If you think you can unearth your six-pack in four weeks, you're either delusional or smoking something illegal.

But ab exercises aren't just good for carving a rock-hard core; they're important for improving posture and mechanics, enhancing athleticism, and developing balance and coordination. A strong core can also help relieve or prevent back pain, which is why I spend so much time working on my plank.

The good news is that if you adopt this expanded view of the benefits of ab exercises, it really doesn't take much to start seeing results -- real, important, valuable results -- even if they're not (yet) the visible ones you crave. So if you want to stand taller, feel stronger, and move better in under a month, here's where you should start. Keep at it, and the six-pack will come.

plank progression
Daniel Fishel/Thrillist

Plank progression

In addition to targeting all the major muscles of your abs, planks also hit the stabilizing muscles of your spine, shoulders, and hips while statically challenging your chest, triceps, and quads. In other words, they help tighten up just about everything.

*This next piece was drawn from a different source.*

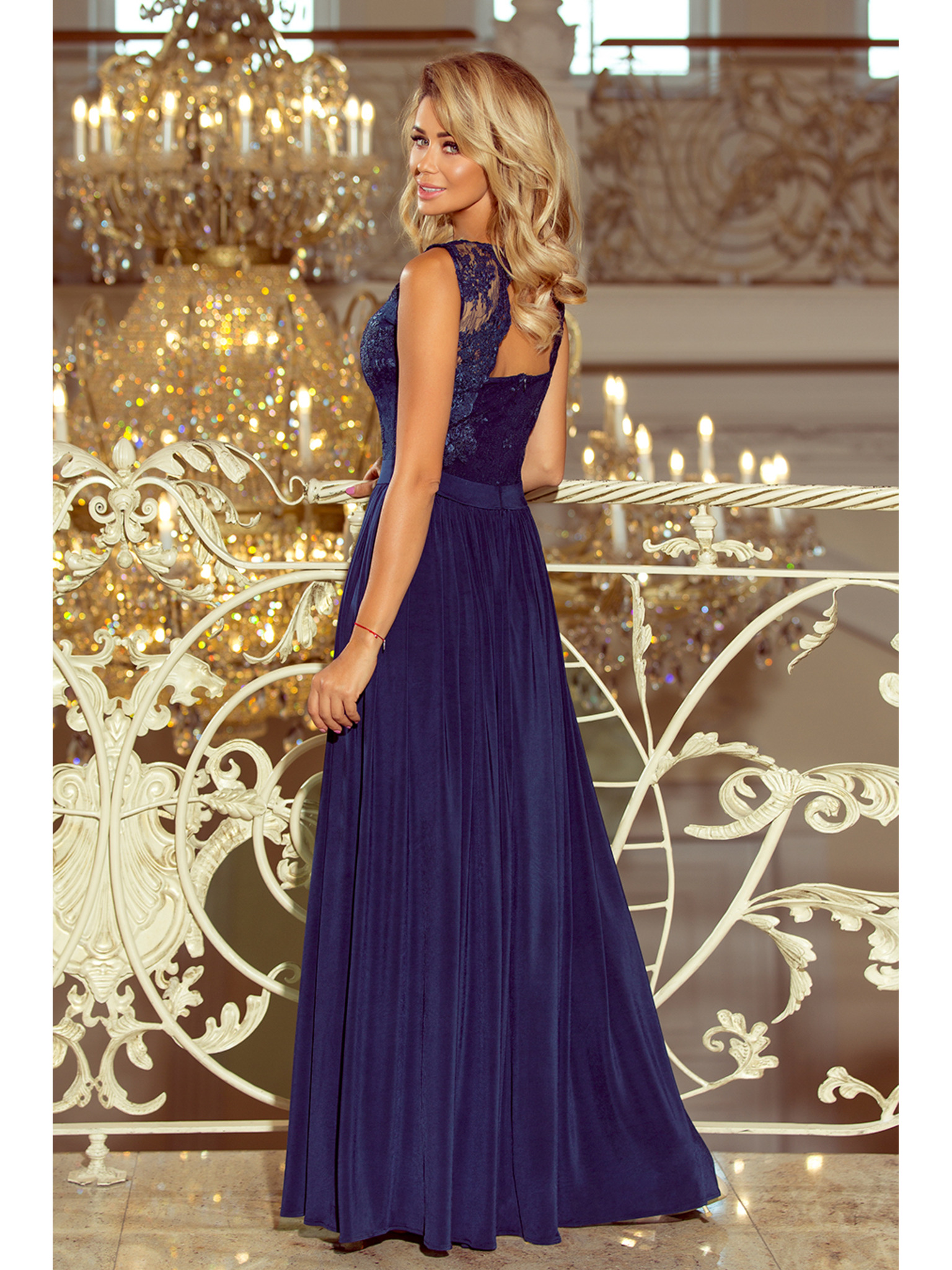 LEA Duge elegantne maxi haljine s čipkanim gornjim dijelom i prorezom na nozi - tamno plave

That said, if you have a weak low back and core, or you're carrying a few extra pounds (and haven't hit the gym in a while), you'll want to start small. Try holding a high plank (like a push-up position) for 10 to 15 seconds, rest, then repeat three to five more times. Do this every single day, and each day, try to add five to 10 seconds to your goal. Once you can hold three sets of 30 seconds in a high-plank position, go ahead and progress to a forearm plank, a variation that taxes your core a little more.

When you can hold two planks for 60 seconds each, start mixing it up by trying plank variations like side planks, plank up-downs, walking planks, plank jacks, plank shoulder taps, and reverse planks. As you improve, you can amp up the intensity even more by adding equipment for moves like TRX planks and planks using balance tools like stability balls or StrongBoard Balance boards for an added core challenge.

deadbugs
Daniel Fishel/Thrillist

Dead bugs

Dead bugs, like planks, are considered an anti-extension core exercise because they require your abdominals to engage to prevent your lumbar spine from extending. But where planks can be particularly challenging for beginners and those with low-back pain, dead bugs are a little more accessible and easily scaleable.

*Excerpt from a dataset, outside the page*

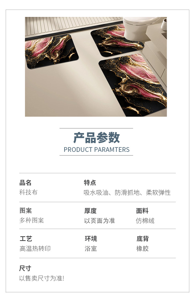 대리석 변기 3피스 바닥 매트 가정용 욕실 샤워실 흡수성 발 매트 미끄럼 방지 부드러운 규조토 진흙 바닥 매트스토어 가기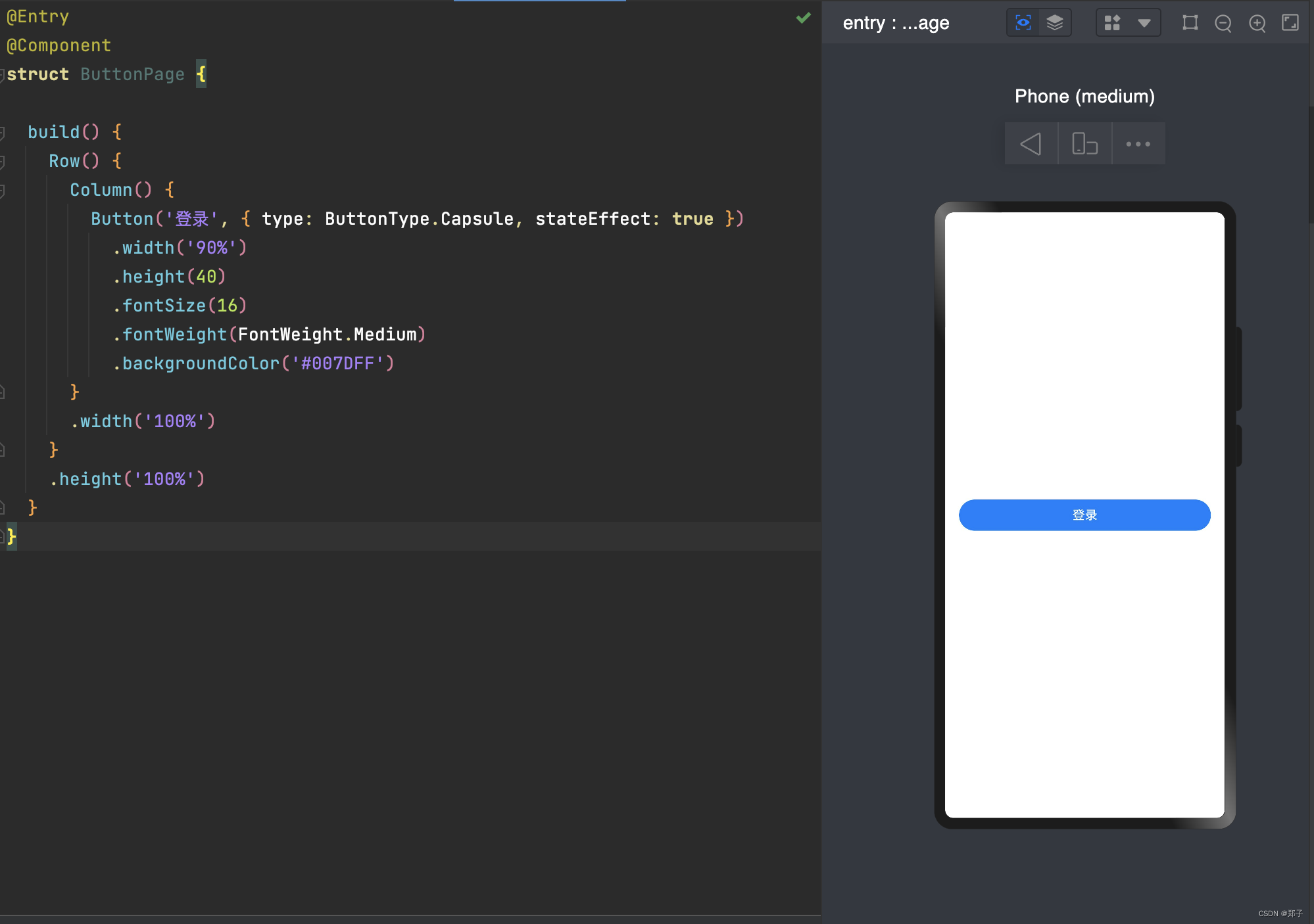 @Entry @Component struct ButtonPage { build() { Row() { Column() { Button('登录', { type: ButtonType.Capsule, stateEffect: true }) .width('90%') .height(40) .fontSize(16) .fontWeight(FontWeight.Medium) .backgroundColor('#007DFF') } .width('100%') } .height('100%') } }

If you're new to the exercise, simply lie on your back, your knees bent, feet on the floor. Extend your arms directly over your chest, pointing your fingers toward the sky. Engage your core and lift your feet off the floor until your hips and knees are bent at 90-degree angles, so your thighs are perpendicular to the floor, and your shins parallel.

Keeping your abdominals contracted and your low back pressed into the floor throughout the exercise, extend your right leg fully, until your heel almost touches the floor, and at the same time, extend your left arm back and over your head, reaching it toward the floor behind you. When both limbs are fully extended, bring them back to the starting position and switch sides.

Perform two to three sets of 10 extensions to each side. If you can't keep your lower back pressed into the floor as you do the exercise, start with an easier version, like the one shown here.

bird dogs
Daniel Fishel/Thrillist

Bird-dogs

Bird-dogs are like the flipped-over version of dead bugs. Instead of lying on your back, you start in a tabletop position on your hands and knees before extending your left arm and right leg simultaneously, returning them to the floor, and repeating the movement to the opposite sides.

Like dead bugs, bird-dogs help improve coordination by using contralateral movement (the movement of opposite limbs). But where dead bugs are particularly good at strengthening the abdominals by preventing lumbar extension, bird-dogs help with the alignment and stabilization of the spine, shoulders, and hips by forcing your core to engage to resist the rotation and extension of the spine.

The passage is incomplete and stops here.